遺伝子の機能を調べるにはいくつかのテクニックが必要である。
生物体内(in vivo)における特定の遺伝子はいくつかのコピーが存在するものの、その遺伝子が何を意味しているのか、発現するとどうなるのか、変異が起こればどうなるのかを調べることは困難である。
したがって、その遺伝子のみを取り出して、遺伝子の特性を生物体外(in vitro)で調べる必要がある。
それらの過程には
クローニング:扱いやすくするために対象遺伝子を担うDNAの数を増やす
シークエンシング:遺伝子の配列を読む
過剰発現:遺伝子をタンパク質に翻訳し、その機能を理解する
の三段階を経る。
クローニングや発現の前には、サブクローニングや発現ベクターへの遺伝子の導入といったプロセスを経ることもある。
クローニングとは、遺伝子のクローンを作成する実験である。
遺伝子のクローンを作成するにはある程度の配列がわかっていることを前提に現在2つの方法が実用化されている。
ゲノムDNAを制限酵素で切断し、サザンブロッティングで目的遺伝子を含む配列を同定する方法
PCR法を用いて目的の遺伝子配列を増幅する方法
遺伝子配列がわからない場合には、目的のタンパク質を対象生物内から精製し、タンパク質N末端配列を決定した後、ミックスプライマー(アミノ酸とその遺伝暗号に対応するパターン全てを含む複数種のプライマー、詳しくは当該記事にて)を用いてクローニングを行なうことができる。
上記いずれのケースにおいても、単一のDNA配列のみを増幅した、あるいは精製したのみではヌクレアーゼによって分解を受けてしまう。
したがって、目的DNA配列をクローニングベクターに導入し、大腸菌を用いてベクターを増幅することを含めてクローニングという実験が完結する。
なお、真正細菌は遺伝子に介在配列を持たないためにDNAから遺伝子をクローニングすることが可能だが、真核生物の場合はイントロンをのぞいたエクソン部分のみを抽出する必要がある。
これはスプライシング後のmRNAを精製し、逆転写PCR (RT-PCR) を行なうことによってクローニングが可能となる。

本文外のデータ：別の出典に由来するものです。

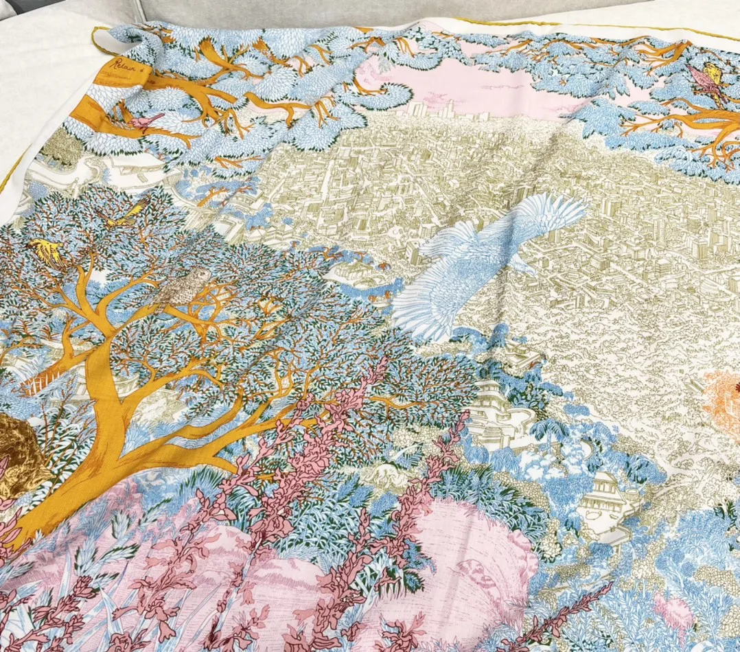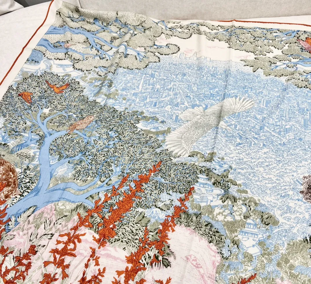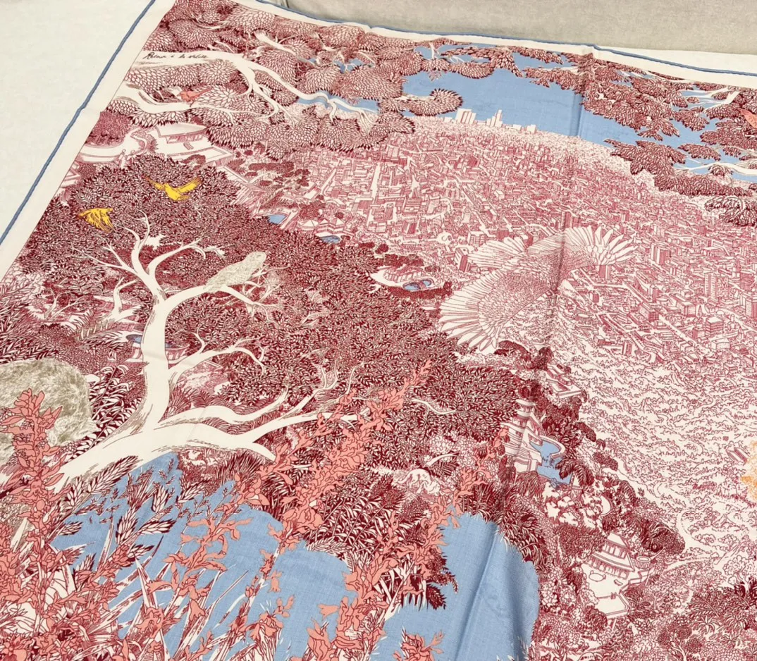 Дизайн платка — это сложная, нарисованная вручную работа, которая передает атмосферу холмов города. В центре внимания — дикие животные и флора, которые, несмотря на урбанистическую среду, продолжают существовать в этом динамичном ландшафте. Дизайнер стремился смягчить влияние городской архитектуры, подчеркивая важность природной среды Калифорнии. Изображения животных, скрывающихся в лабиринте улиц и густой растительности, создают ощущение живого взаимодействия между природой и городом.
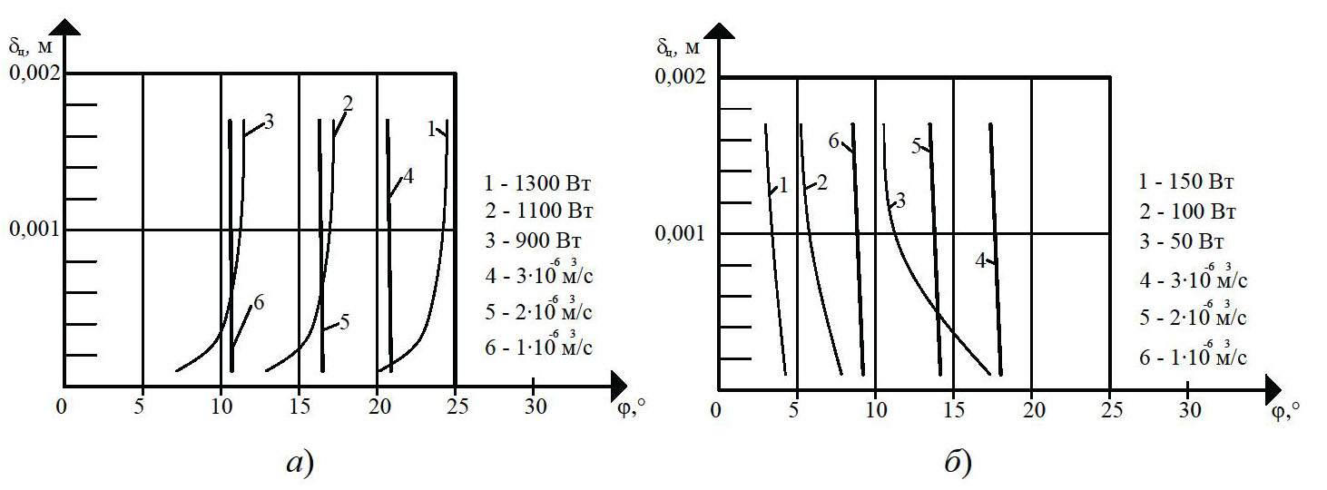 Критерий подвулканизации JB в большей степени зависит от зазора dц, чем от угла наклона нарезки j при изотермическом режиме экструзии (см. рис. 10, а). Причем, чем больше зазор dц (на 100 %) в области реальных значений угла наклона нарезки j, тем меньше критерий подвулканизации JB (на 66 %), что связано с уменьшением времени пребывания резиновой смеси в материальном цилиндре за счет большей производительности Q. Критерий подвулканизации JB практически не зависит от зазора dц, а в большей степени зависит от угла наклона нарезки j при неизотермическом режиме экструзии (см. рис. 10, б), что связано с малой величиной потока утечки в зазоре dц.

遺伝子導入とは、上記にあげた遺伝子の実験系を用いて目的遺伝子の宿主でない他生物にクローニングしたベクターを導入し、その遺伝子が有効な形質を発現できるように仕向けることである。
例えば、特定の除草剤に対して耐性を持つような作物や、霜害を防ぐ糖タンパクを生産できる作物(アイスマイナス)などはその一例である。
しかしながら、導入したベクターが花粉などを通じて拡散し、除草剤耐性を持っていなかった雑草にまでそうした形質が導入される危険性を指摘され、このような遺伝子組み換え実験は厳しく規制された状況である。
遺伝子組み換え実験による物理的規制は
P1:一般的な実験室
P2:病原性を扱うような実験室
P3:バイオクリーンルーム(室内に流入する空気は全てHEPAフィルタ(0.22μm方形のフィルター)を通している)
P4:遺伝子組み換え対象生物に触れずに実験できる実験室
というランクが付けられており、危険な遺伝子組み換え実験を行なう場合にはそれ相応の規制のランクの敷かれた実験室で行なうように義務付けられている。